In endurance sports we are inspired by that person who keeps going no matter what they face. And in a race, in an epic ride or event, that is what we do. In a way the physical challenges on the bike – pedaling when your body is tired or pushing beyond your mind on a ride as it tells you that you’ve had enough – provides a metaphor for hardships we encounter in life. The beauty of a physical challenge is, that we can take hold of it, face it head on, prepare for it and try to control it, and conquer it in a real and tangible way – crossing a finish line. Perhaps we take that mindset into life’s challenges as well, though often those are a bit more difficult to wrap one’s mind around. But there’s always a process, there’s a way to frame them, looking for a way to push through and keep going. And with this mindset sometimes that is just what we do: we just keep going.

But how do we get the point of being able to do this – to keep going at all costs? In the words of ultra runner Scott Jurek, “Sometimes you just do things.” But as you read more of his book, you find that there is a lot more to it than one might imagine. If you talk to elite endurance athletes or read their books and blogs, you soon learn how attuned to their bodies they are. It turns out that while of course, training for and competing in endurance events is about pacing oneself, perhaps the even more important aspect is listening to one’s body and making micro-adjustments along the way.

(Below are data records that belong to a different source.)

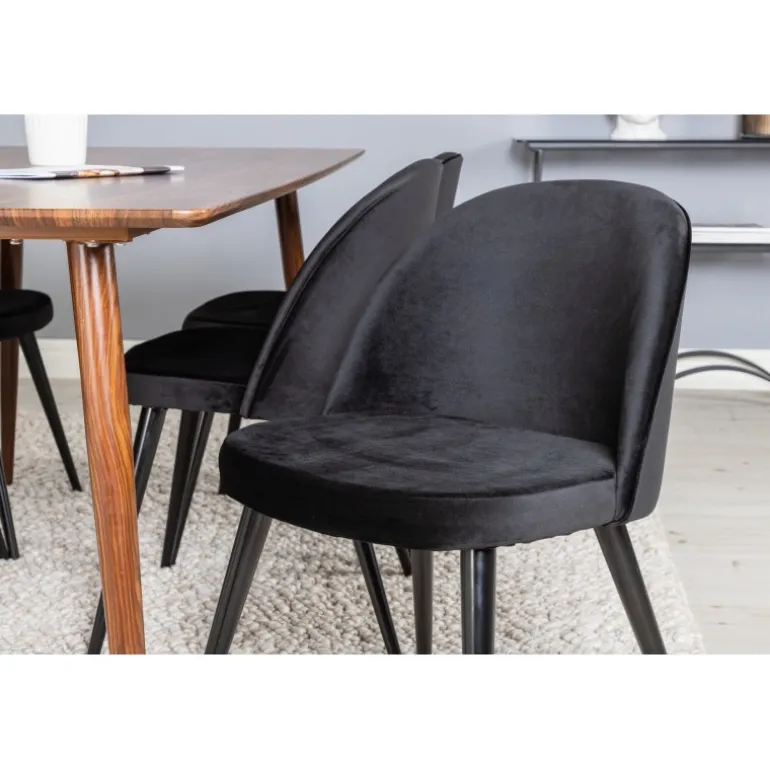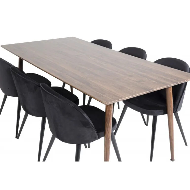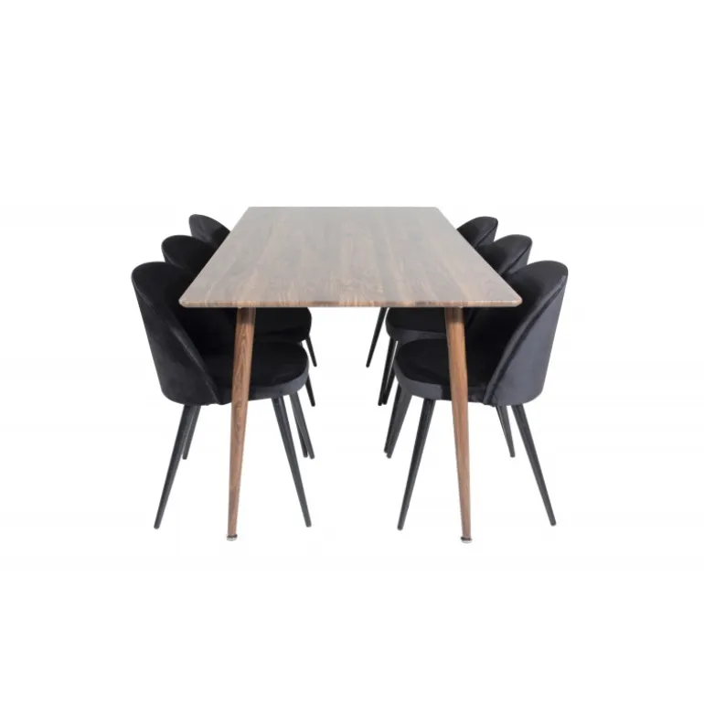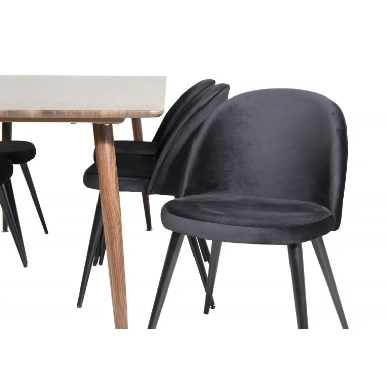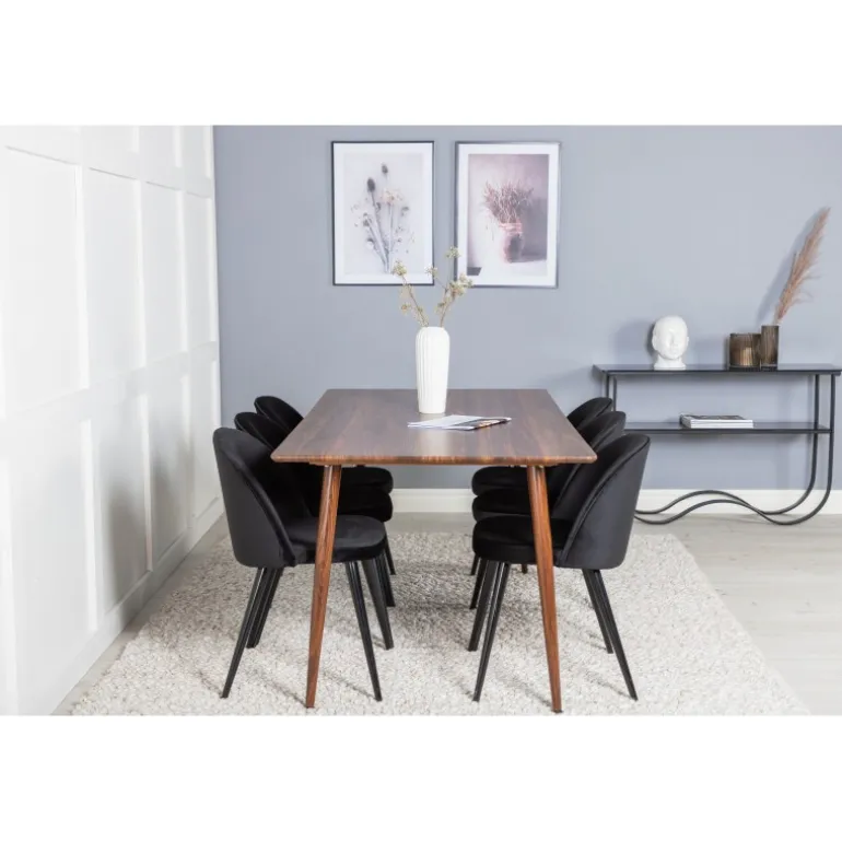 Vores spisebord Polar i rustikt design sammen med vores siddevenlige spisebordsstole Velvet giver dig en luksuriøs og stilfuld kombination, der holder over tid. Inviter til middag og socialt samvær med dette tidløse møbelsæt. Polar Rektangulær Spisebordssæt er skabt til at imponere med sin robuste MDF-bordplade og elegante stålben. De sorte Velvet stole tilføjer et moderne touch til dit spisestueområde.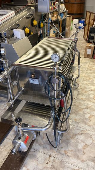 Filtro de placas de 40x40 cm, ideal para procesos de filtración. - Construcción en acero inoxidable. - Incluye manómetro para control de presión. - Ruedas para facilitar su movilidad.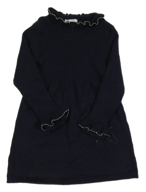 Tmavomodré úpletové šaty se žebrováním a volánky PRIMARK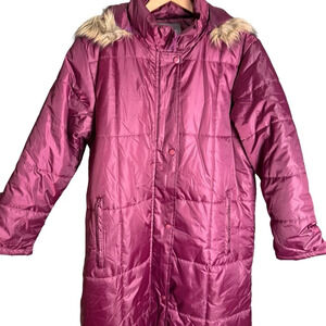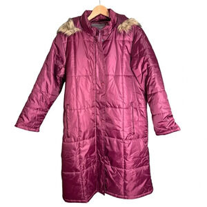 Stay warm and stylish with this beautiful cranberry puffer coat from Totes. The long parka features a quilted design with a faux fur trim hood, full zip closure, and button accents. The coat is made of polyester and poly nylon fabric, with a polyester lining material and insulation material.

Pacing oneself. Most people know that endurance sports are largely about *pacing* oneself – this is exemplified in our sport by the difference in riding strategies for, say, a 45 minute criterium race at the track and a 6-hour race in the countryside. In running you see a difference in race strategy and pace between the 8-time world champion sprinter Usain Bolt and 7-time winner of the Western States 100 ultra-running legend Scott Jurek. (Caveat – this is not to say sprinters don’t pace themselves in training and racing. They do. It is just different.) Endurance sports are not a series of sprints tied together. They are long events that require pacing oneself to get to the finish line. Sure there are hills and headwinds, times when it is more challenging than others, but consistency is key. Start out too fast, and you’ll be cooked before the first checkpoint. The same goes for training. Train too exuberantly (above what your coach or plan tells you) and you’ll risk injury or burnout and cook yourself before you get to the starting line. Rest and recovery and what one does off the bike are as essential as what one does on it.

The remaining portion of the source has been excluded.